*Work task*: Please copy the data below exactly, from its first line through the line holding "Sada medailí pro", and skip the pictures.

*Given information*:
━━━━
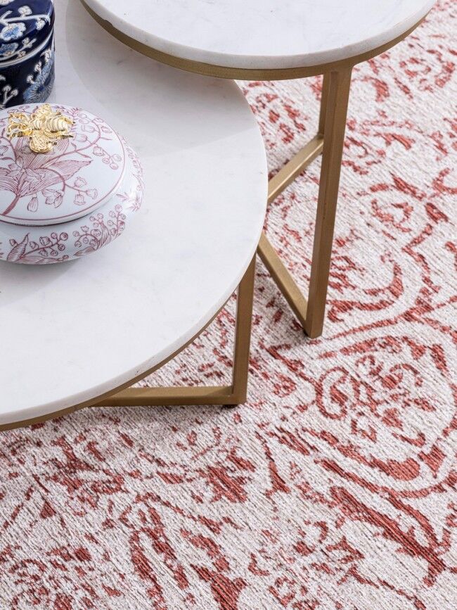 Elegantna okrogla mizica PHOENIX D57.5 s pravim marmornim vrhom in jekleno zlato strukturo v vintage stilu. Italijanska kakovost znamke Bizzotto.
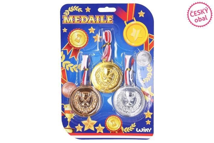 Sada medailí pro děti se stuhou na zavěšení kolem krku. Průměr 5. 5 cm Sada obsahuje 1 zlatou, 1 stříbrnou a 1 bronzovou medaili.
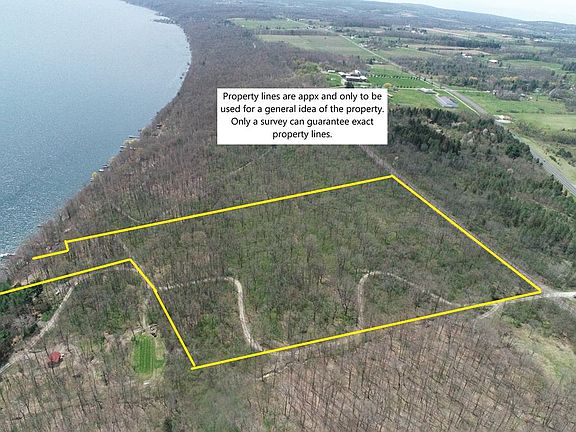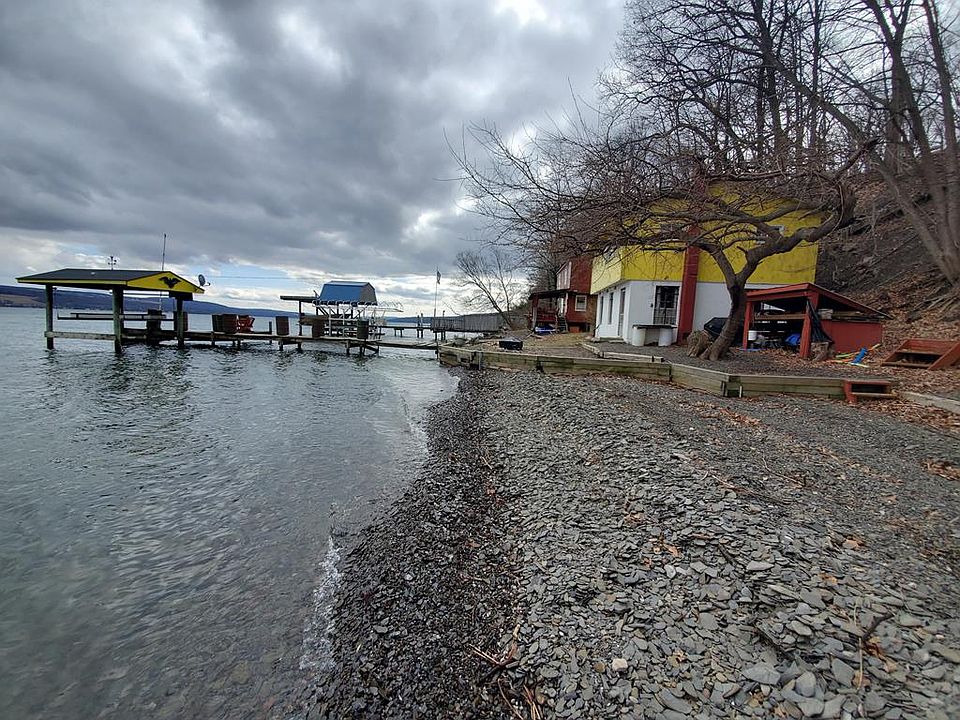 Rare find on Seneca Lake! 17+Acre property with 125' of lakefront! 50+Steps take you down to a seasonal lake level cottage. The cottage is of cinderblock construction with open kitchen, dining, living and full bathroom on main floor. Upstairs is a 2 room sleeping quarters with open ceiling. Permanent Dock, shed, and Boat lift at shoreline. Plenty of building sight opportunities on the property for lake view homes or separate the property for additional home sight with water front. Lots of parking for all your guests! The road to the waterfront is dirt but has several yr round owners at lake.
━━━━
*Your solution*:
 Elegantna okrogla mizica PHOENIX D57.5 s pravim marmornim vrhom in jekleno zlato strukturo v vintage stilu. Italijanska kakovost znamke Bizzotto.
 Sada medailí pro děti se stuhou na zavěšení kolem krku. Průměr 5. 5 cm Sada obsahuje 1 zlatou, 1 stříbrnou a 1 bronzovou medaili.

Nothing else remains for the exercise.